In terms of the decomposition depicted in figure 2, this terminology uses two sets of modifiers
for “growth” to describe two different components of any growth episode. On the one hand,
changes in overall income or consumption continue to be described as more or less rapid,
suggesting movement along the 45° line. On the other hand, net changes in the income or
consumption of the initially poor are described as more or less “pro-poor,” corresponding to the
vertical component of each growth episode, shown on the vertical axis. The two are linked by
the contemporaneous change in the income distribution, which again can be described as “pro-
poor,” “pro-rich,” etc. Compared with the distribution-focused terminology, this decomposition
offers a significant improvement in clarity. On the other hand, using the word “growth” to
describe two of the three components of any growth episode as decomposed in figure 2, while
also using “pro-poor” or similar phrases to describe two of those three components, seems to
entail a loss of clarity relative to Option 1 as outlined above. On that basis, this author would
cast a vote in favor of Option 1 – a full-blown shift in the terminology, eliminating “pro-poor” as
a potential modifier of “growth” and applying it exclusively to describe changes in distribution.
14
15. Before closing, it is worth mentioning a third option, which has arisen from analytical work
conducted under USAID’s “pro-poor economic growth” activity.
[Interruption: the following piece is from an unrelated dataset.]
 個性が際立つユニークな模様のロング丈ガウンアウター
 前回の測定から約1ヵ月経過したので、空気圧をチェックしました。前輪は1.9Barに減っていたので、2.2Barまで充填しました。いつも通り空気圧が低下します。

Different outputs from this
activity appear to use the phrase “pro-poor growth” in both of the senses identified in this paper.
However, these analyses also introduce the concept of a “pro-poor economic growth policies.”
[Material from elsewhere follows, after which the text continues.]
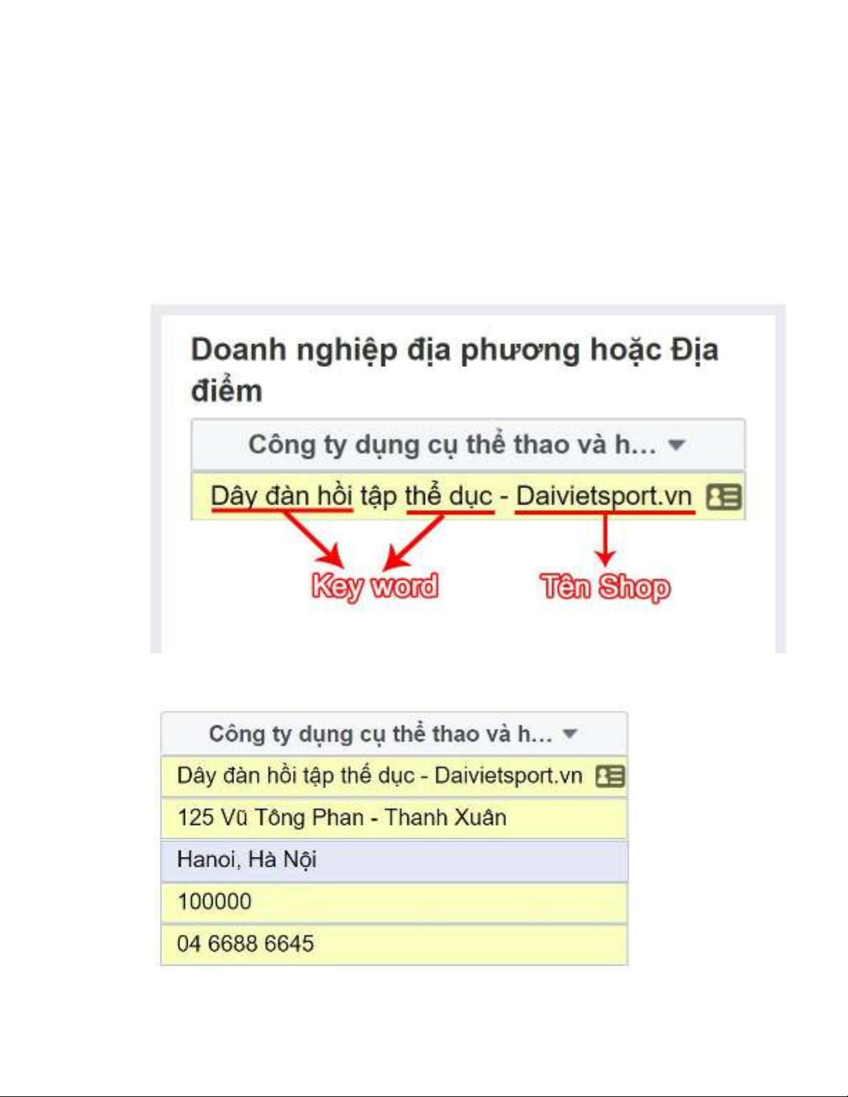 - Tên người dùng (Đường link Page): “Keywords.Tên Shop”
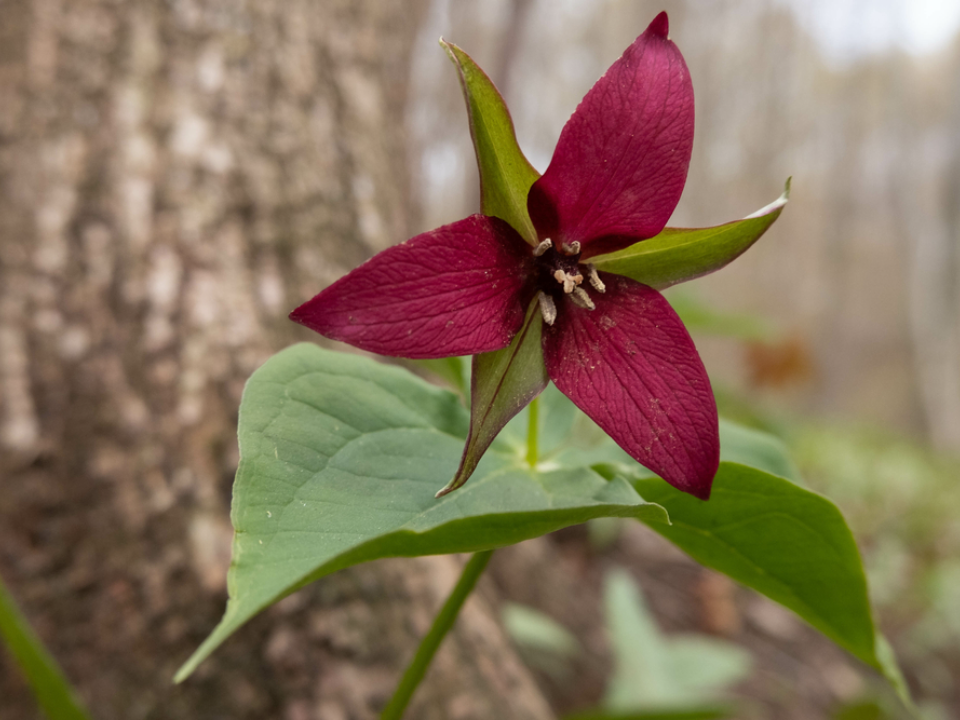 Red trilliums bloom in early spring, marking one of the first signs of seasonal change in forested areas. The plant’s flowers last for only a short time, so those who stumble upon it during their walk are treated to a fleeting yet beautiful sight. With its strong color contrast, the red trillium is both eye-catching and symbolic of the changing seasons.

The shift in attention from “growth” to “policies” is significant. Rather than focusing on the
overall change in the position of the poor, or on the change in their position relative to others,
this framework attempts to unbundled the various components of the policy framework, and
assess the their individual impact on the rate of overall rate of growth and on growth in the
income or consumption of the poor. That is, rather than worrying about overall changes, which
are subject to large forces outside the control of policy makers, this framework looks for
opportunities to “tweak” the overall change through selective improvements in policies. In
particular, the analytical work seeks to identify policy changes that have the potential to boost
the rate of economic growth while simultaneously enabling the poor to gain a larger income
share – all other things held equal. The good news here is that, by concentrating on the impacts
of individual policies, this framework almost automatically sticks to issues of relevance to policy
makers, rather than getting bogged down in matters that are often outside the control of policy
makers and even more often off limits for donors. The bad news is that the phrase “pro-poor
economic growth policies” tends to fall apart in discussion, leading to more unproductive and
inconclusive discussion of the meaning of “pro-poor growth” before moving on to the
analytically valuable discussion of policies.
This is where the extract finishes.